In the history of Quakerism, the distribution of soup, particularly to homeless people, was often a practical expression of faith.
This was the case in the Irish famine and in Germany in the twentieth century – but today in London, this simple act of charity has provoked a heated debate.
Homeless people in an area of central London face the prospect of a legal ban on rough sleeping and soup runs. Westminster Council is considering a by-law that would apply to a designated zone near Westminster’s Roman Catholic cathedral.
The news has turned a number of charities against the council and sparked a war of words, with two sides making contradictory claims about homelessness in the area.
A spokesperson for Westminster Council told the Friend that there have been police reports of violence and anti-social behaviour among large crowds queueing for food. He insisted: ‘It’s intimidating for local residents, particularly the elderly’.
David Coombe, chief executive of the Coombe Trust, maintained that his organisation’s regular soup run in the area is well organised and that there have been ‘zero incidents’ of intimidation. He told the Friend that he considers crowds leaving pubs and clubs to be more intimidating.
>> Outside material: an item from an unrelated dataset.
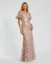 This stunning lace gown features a feminine neckline, short butterfly sleeves, and subtle floral sequin embellishments, making it a perfect, timeless choice for any formal occasion.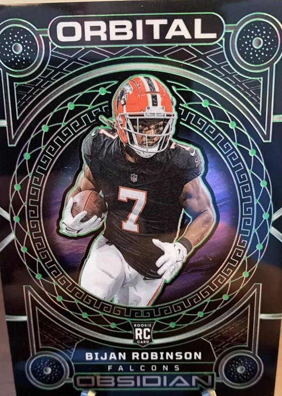 The Bijan Robinson 2023 Obsidian #1 Orbital - Electric Etch Green /35 Rookie card in Raw condition has not changed in price in the last 30 days and was last sold for $30.00 .

He acknowledged that some charities have problems with soup runs, but said this could be addressed with a code of conduct for groups distributing food.
David Coombe suggested the ban was due to ‘the royal wedding that’s happening and of course the Olympics next year’.
In response, the council said that the designated zone is not a strongly popular tourist area. The Coombe Trust maintain they are setting a precedent and are concerned that the zone may be extended.
Faith groups have joined the debate. Quaker Social Action, while working on longer-term approaches to poverty, said they see the value of soup runs and are opposed to the measure.
Alison Tomlin, president of Methodist Conference, argued that the proposed by-law ‘belongs in a Victorian statute-book, not in the laws of a decent twenty-first century community’.
Westminster’s spokesperson said: ‘There’s absolutely no need for people to be queueing for food’ because the area has ‘plenty of hostels’. David Coombe said that some homeless people stay away from hostels due to bad experiences of violence or theft.
The council told the Friend that they have been consulting with local charities over the issue for a decade. In contrast, Alastair Murray of the Christian network Housing Justice, which is supported by Quaker Peace & Social Witness, alleged that Westminster Council consistently ‘obstructs the efforts of churches and volunteer-led agencies reaching out to homeless and poor people on the streets’; but not all charities share his view.
St Mungo’s, a charity seeking to prevent homelessness, say they share local concerns about ‘the excessive number of soup runs’. But they also oppose moves to criminalise rough sleeping and any attempt to ‘stigmatise someone forced to sleep rough’.
With Westminster Council’s consultation due to end on 25 March, the by-law could come into force in October. The controversy may then move to the courts. The Coombe Trust is threatening to break the law, despite the possibility of a fine for each offence.
David Coombe told the Friend, ‘I feel so strongly, I will defy the ban and I will continue to defy the ban’.